The first few months I was nothing more then a vegetable, something I now regretted, considering I’d had a child who depended on me. I had a dear friend who was closer then any relative alive, and she came to stay with me and got us both through our grief and depression.
Cousin Fred listed the property eight times, but in the end I could not force myself to sell it. Not ever, or at least not until Chris had a family of his own and decided if he wanted to have a life here. I could relinquish it then and only then.
I wasn’t ready to return home and decide to extend my ride, lazily moving amongst the trees, watching deer graze, completely comfortable with my intrusion. A pain drove through me like a knifeas I remembered a day out here on a blanket with Daniel. The deer over his shoulder had made it difficult for me to concentrate on making love; Daniel teased me about being such a city girl. Such an amazing man.
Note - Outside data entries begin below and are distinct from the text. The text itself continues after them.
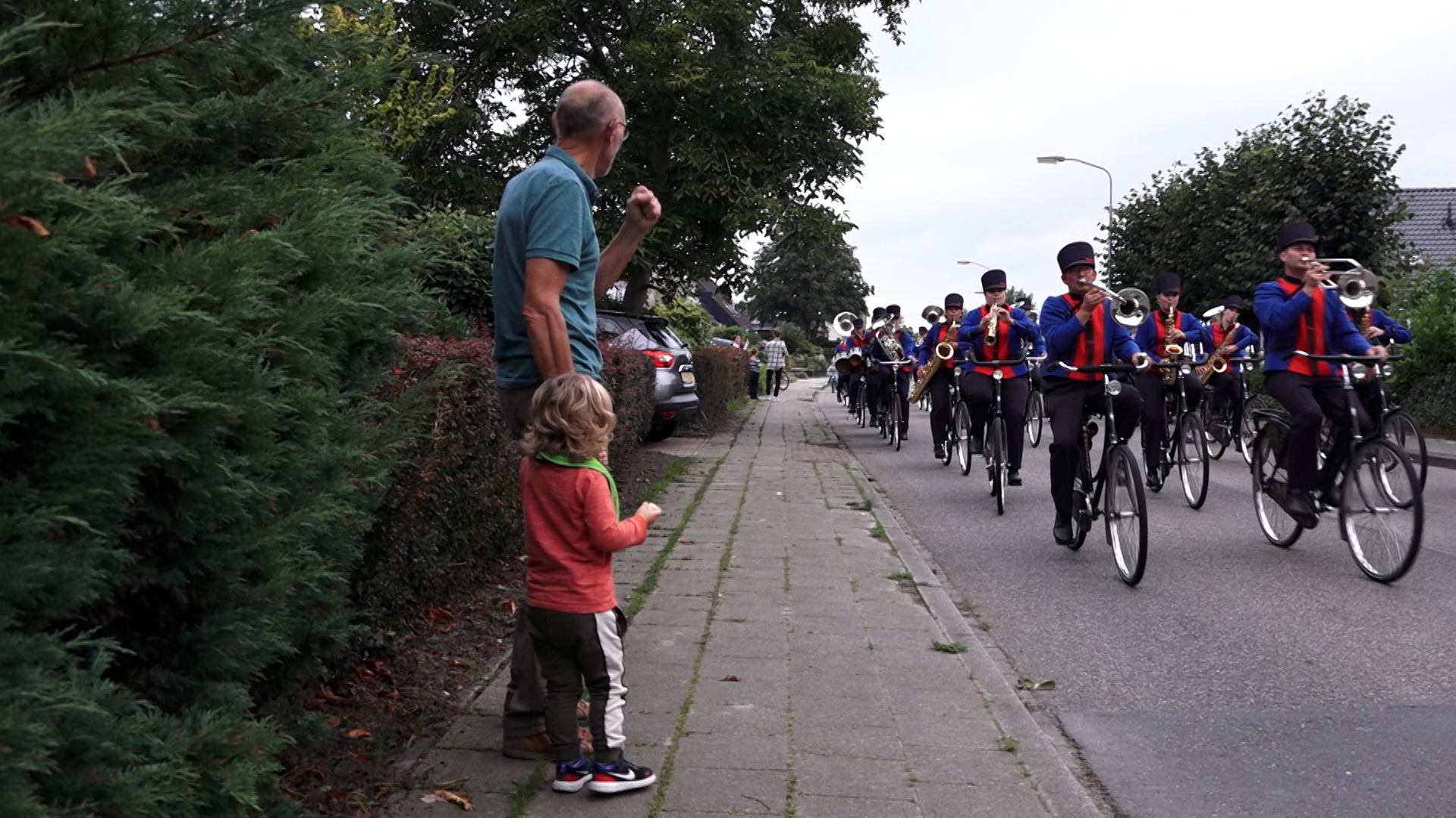 Even voor half zeven verzamelen de eerste Ten Boersters zich al nieuwsgierig op straat. ‘Sta ik hier goed? Komen ze hier zo langs?,’ vraagt een man aan een verkeersregelaar. De man staat goed. Fiets muziekkorps Crescendo komt hier zo langs.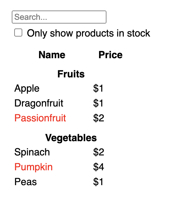 Man kann entweder “von oben nach unten” bauen, indem man mit den Komponenten beginnt, die in der Hierarchie weiter oben stehen (wie FilterableProductTable), oder “von unten nach oben”, indem man mit Komponenten arbeitet, die weiter unten stehen (wie ProductRow). Bei einfacheren Beispielen ist es in der Regel einfacher von oben nach unten vorzugehen, und bei größeren Projekten ist es einfacher von unten nach oben vorzugehen.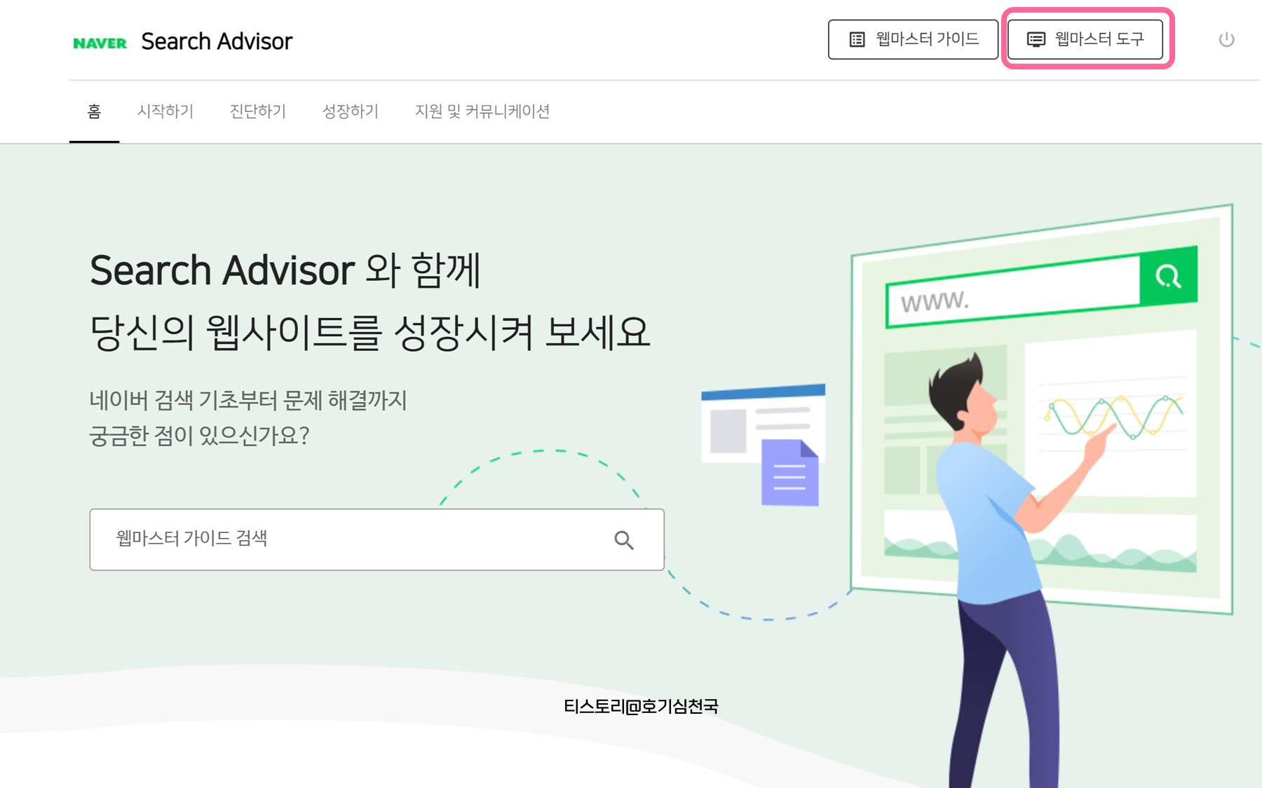 1. 네이버 검색에 티스토리 블로그가 검색이 되도록 하기 위해서는 먼저 네이버 서치어드바이저의 웹마스터 도구에 접속해줍니다.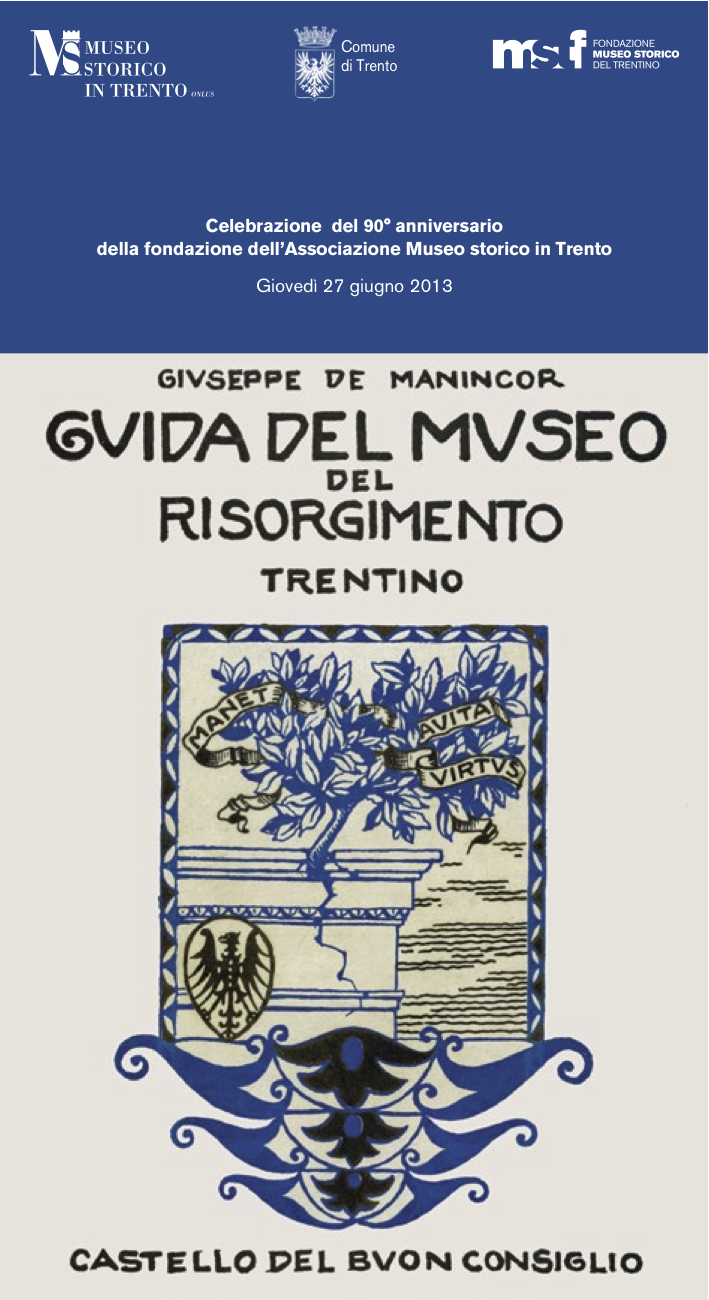 GiovedA� 27 giugno alle 17.30, presso la Sala del Consiglio comunale in via Belenzani a Trento, l‘Associazione Museo storico in Trento, il Comune di Trento e la Fondazione Museo storico del Trentino invitano alla celebrazione del 90A� anniversario di fondazioneA�dell’Associazione Museo storico in Trento. Presenti, tra gli altri, il sindaco di Trento Alessandro Andreatta, il vicepresidente del Consiglio comunale di Trento Antonio Coradello e la��assessore alla��istruzione e sport della Provincia autonoma di Trento Marta Dalmaso.

I kept telling myself I was lucky to have him as long as I did but that never lessened the deep longing for two arms to hold me.
Entering a low lining valley, I glanced up at a hawk circling around looking for breakfast when I saw the small jet much to close to the ground. Peering from under the brim of my Stetson, I listened to the sound of the engine and knew it was in trouble. I felt my jean pocket to see if I had brought my cell phone; I always forget to grab it from the charger. It didn’t always work out here, but Chris constantly berated me for not carrying it with me when I rode; what was the blasted thing for, he chanted relentlessly. I knew he was afraid something would happen to me and I adored him for it, but when I rode I didn’t want the interference of business or other mundane interruptions. It was my time for Daniel.
The pilot knew what he was doing, keeping it under control, descending slowly. From the sound of the engine, it was definitely losing power and I prayed he was not coming in too quickly.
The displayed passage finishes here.